PERCOLATION THEORY AND BRAIN STRUCTURE
Iosim M.1, Popov K. 2
1Search Line Inc., USA.,
27, Adams st. Old Bridge, NJ 08857, USA
2Syktyvkar state
university, Russia., 55 Octyabrsky pr. 167001, Syktyvkar, Russia,
E-mail: popov@ssu.edu.komi.ru
Keywords: percolation, infinite cluster, brain structure, neuron net.
The structure and functional purpose of different parts of the head brain core is investigated in detail [1]. What about the mechanisms of realization of such brain functions as thinking, memory, recognition of images and so on, there is no clear conception about it as on the nuclei, as on the macroscopic level.
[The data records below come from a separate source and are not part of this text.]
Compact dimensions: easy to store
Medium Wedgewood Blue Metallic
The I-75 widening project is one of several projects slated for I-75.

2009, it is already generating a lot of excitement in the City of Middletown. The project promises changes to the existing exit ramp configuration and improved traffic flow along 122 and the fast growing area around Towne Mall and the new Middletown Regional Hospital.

That is why, any model description of the brain processes, which give the real information about object characteristics, is interesting.
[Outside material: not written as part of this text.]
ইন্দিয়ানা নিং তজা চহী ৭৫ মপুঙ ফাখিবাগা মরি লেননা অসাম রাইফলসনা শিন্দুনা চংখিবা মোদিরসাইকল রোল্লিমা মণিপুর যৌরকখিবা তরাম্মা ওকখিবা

In this paper we suggest to use the percolation theory [2] for description of realization mechanism of some head brain functions. The theory of percolation cluster was developed in physics as a system approach for description of the space structures connectedness on a macroscopic scale, when we can neglect the elementary organization of the object. Without state here the main thesis of this theory, we'll try to argue the principle opportunity of application of this approach to brain description. Being a statistical in its foundation, there in percolation cluster theory were got the significant results even for the systems which consists of 104 elements. If state the value of neuron number in gray matter of the head brain core as 1.5 1010, and its volume - as 700 cm3, the mean concentration of neurons come to 2.107 cm-3, which form a value high enough for averaging procedure and application of the idea of "infinite cluster". If we take a volume of 1 cm3 as a lower limit of an individual part of core, responsible for certain function, the number of neurons within this region will be high enough for validity of suggested model.
Lets consider the core of heart brain or some its part, responsible for certain function, as a three-dimensional structure (net) of neurons, distributed accidentally, which connected with each other by dendrites and axons through synapses. As those regions, as the whole core have the space border, through which the information can penetrate in active zone and leave it.
We can consider the incoming information as a sensor signals (excitations) or signals from the other parts of a brain. The output information is impulses which move to the executive physiological organs or to the other parts of brain. Lets consider the sign of the observed activity evince or function execute as the existence of structure bond from one to another (opposite) borders of separated part of brain core. This bond is supplied with some part of active neurons, which realized the function. Another, passive in those act, neurons can either fulfill parallel functions, or exist in waiting or rehabilitation mode. Those structure, which contain the group of neurons and fulfill the functional bond in the limit of zone, including the border, can be defined as an "infinite cluster". In another words, "infinite cluster" is corresponded to the brain function. It is possible in the limit of some zone the appearance of a "finite clusters", which sizes do not allow the information about its structure to leave the borders of zone. For example, an "infinite cluster" can be corresponded to the realized thought, while a "finite clusters" to the subconscious one. The "finite clusters", while forming groups and rebuilding, can grow up to the borders, but not certainly
There are some structure independent invariants in Percolation theory, which gave us an interesting opportunity for quantitative valuation of a number of neurons taking part in forming of an "infinite cluster" and a number of bonds between active neurons of an "infinite cluster". First of all, it is a part of functional zone volume I1, occupied by active neurons, which belong to the "infinite cluster":
I1 = f Xc , (1)
here: f - packing coefficient, Xc - critical (baffle) part of active neurons necessary for appearance of an "infinite cluster". In the second place, it is an average number of neurons I2, with which every neuron of an "infinite cluster" is connected:
I2 = Z Yc , (2)
here: Z - average number of bonds of neuron with neighbors, Yc - critical (baffle) part of active bonds necessary for appearance of an "infinite cluster". Calculations made for the large number of known three-dimensional greets gave the following values of introduced invariants: I1 = 0.16 and I2 =1.5. If, for example, we take in formula (1) the packing coefficient as for accidentally packed up balls f=0,637, that the part of active neurons will be equal to 0.25. Certainly, it is only illustration and it needs to take into account the special properties of bonds, orientated character of excitation transfer and some other features of biological object. But it is the problem of the future investigations in the frames of suggested approach.
In conclusion, we would like to note that this model can be put in foundation of computer experiments, which can provide a new information about heart brain functioning.